The Sheffield Press

Sports

Tuchel criticizes mandatory World Cup hydration breaks before Ghana match

By Pamella Goncalves ·
Tuchel criticizes mandatory World Cup hydration breaks before Ghana match

Thomas Tuchel took aim at FIFA’s new hydration-break policy as England prepared for its second Group L match, saying the mandatory stoppages interrupted the rhythm of the game and altered how a World Cup match felt on the field. With rain and cooler temperatures forecast for Boston, the England coach argued that the breaks still imposed the same three-minute pause on every one of the tournament’s 104 matches.

FIFA introduced the rule for the 2026 World Cup, which is being staged across Canada, Mexico and the United States in an expanded 48-team format. Each half of every match is scheduled to stop once for three minutes, regardless of weather or whether the stadium is air-conditioned, part of a player-welfare push that FIFA said was shaped by high temperatures and lessons from recent tournaments.
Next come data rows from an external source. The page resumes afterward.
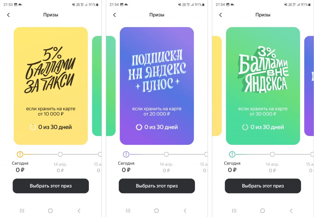 В мобильном приложении «Карты Плюса» от Яндекса появилось предложение поддерживать минимальный остаток на карте за призы на выбор (нужно выбрать подходящий приз и выполнять соответствующее условие. Можно выбрать несколько, но тогда и остаток нужно поддерживать для каждой опции). За поддержание требуемого остатка в течение 30 дней можно будет подключить опцию, которая также будет действовать 30 дней.
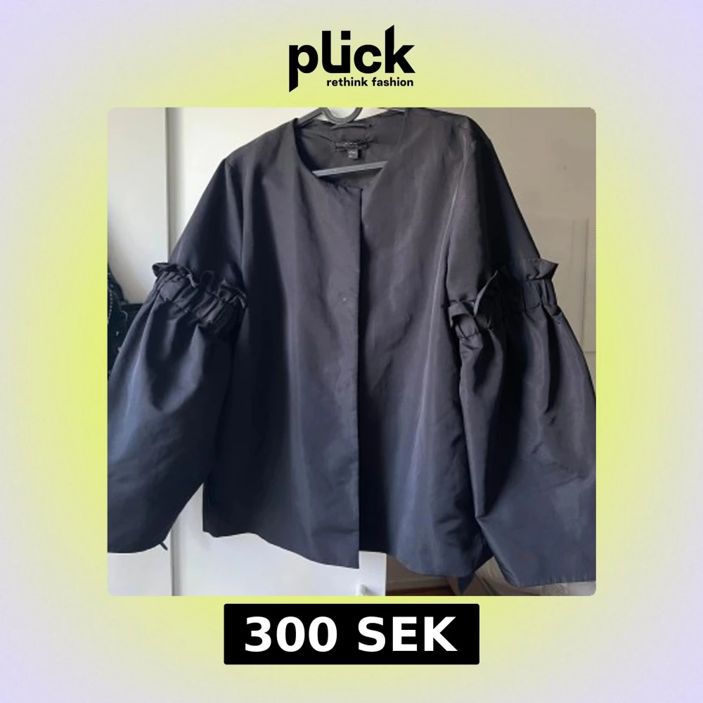 Stilren svart kavajjacka från COS med voluminösa, rynkade ärmar och dold knäppning framtill. Jackan har en rak, loose passform. Passar snyggt till höst/vår🫶🏼 tunn material
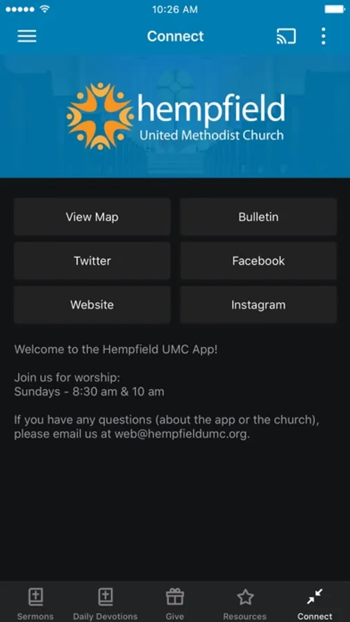The Hempfield UMC app was developed with the Subsplash App Platform.
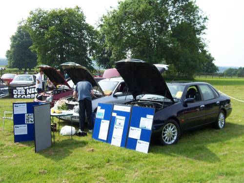 I had prepared a display board with three sections to show visitors the forum, the mailing list and the website itself. together with photographs of the work on my car. To stop the board falling over it lent up against my bumper. An ideal way to hide all the stone chips which I haven't yet tackled. Andrew had provided a standard Scorpio details sheet that we all filled in and placed in our windscreens. Barry brought a four-meter banner from the German Scorpio launch, which set the scene nicely.
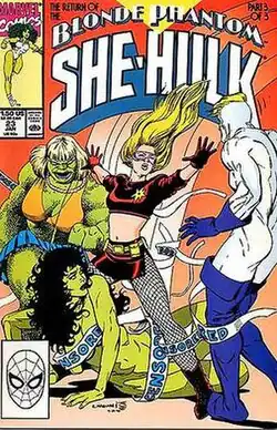 Louise's daughter, Wanda Louise Mason, introduced in The Sensational She-Hulk #21 (Nov. 1990), briefly followed her mother's crime-fighter legacy, becoming the costumed Phantom Blonde two issues later,[26] in a story by writer Steve Gerber and penciler Buzz Dixon. She was later considered a "potential recruit" for the US government's superhero-training program, the Initiative.[27]
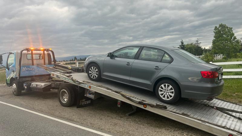 Kelowna RCMP say a municipal traffic service member in a fully marked police car was parked on the shoulder of Stewart Rd. on the morning of June 14.
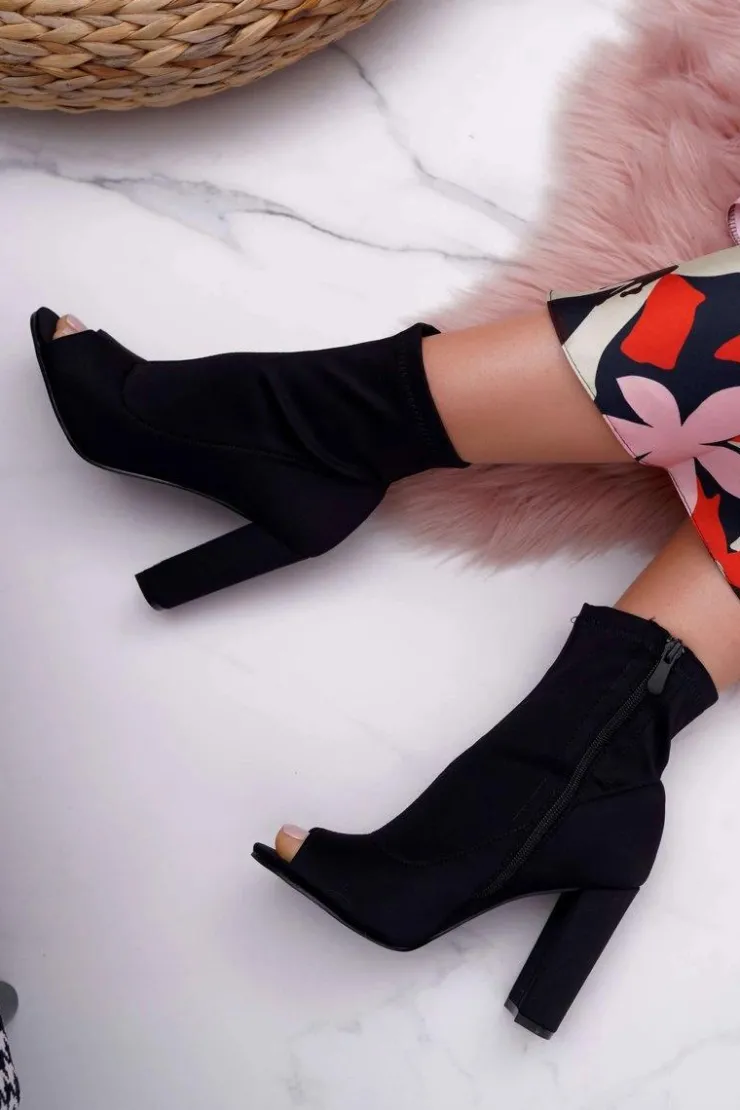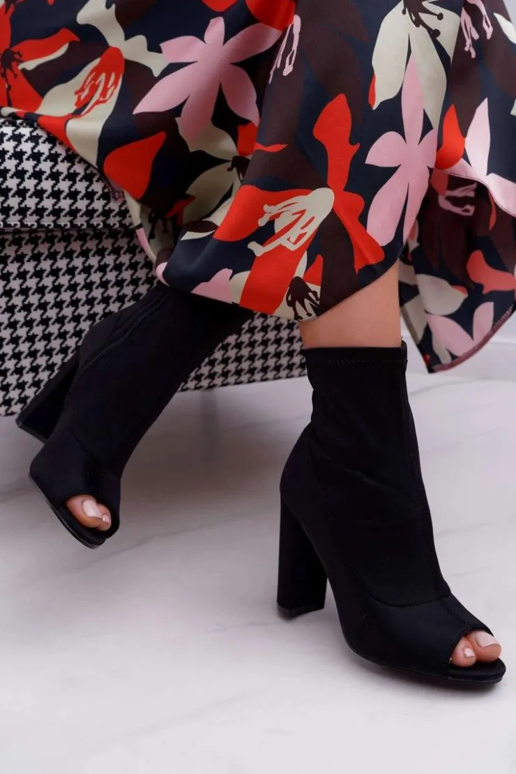New Boto Damskie Botki Na Słupku Lycra Odkryte Palce Czarne First

Tuchel, speaking in Foxborough, Massachusetts, before England’s trip to face Ghana in Boston on Wednesday, June 24, 2026, said he was not a fan of the policy. He said the stoppages interrupted momentum and “change the identity” or “character” of a match, adding that the format made games feel closer to four quarters. He also acknowledged that coaches can use the pause to regroup, but said football should flow continuously whenever possible.

AI-generated illustration
AI-generated illustration

The criticism has already surfaced in the stands. England fans jeered the hydration break during the first half of the opening match against Croatia in Dallas, even though that game was played in a roofed, air-conditioned stadium. That reaction underlined how visible the new rule has become in the tournament’s opening days, with the stoppage turning into an early talking point well beyond the technical details of player safety.

Supporters of the policy say the breaks are a fair trade-off in a tournament stretched across three countries and likely to be played in difficult summer conditions. Critics counter that mandatory pauses in every match are different from earlier drinks breaks, which were usually reserved for extreme heat or left to the referee’s discretion. Some broadcasters and fans have also complained that the regular interruptions create extra advertising windows, adding a commercial layer to a rule sold as a welfare measure.

The tension around Tuchel’s remarks points to a broader challenge for the 2026 World Cup: protecting players without draining the intensity that gives the tournament its shape. As heat, scheduling pressure and climate realities become harder to ignore, hydration breaks are emerging as a public sign that football’s biggest event is being forced to adapt.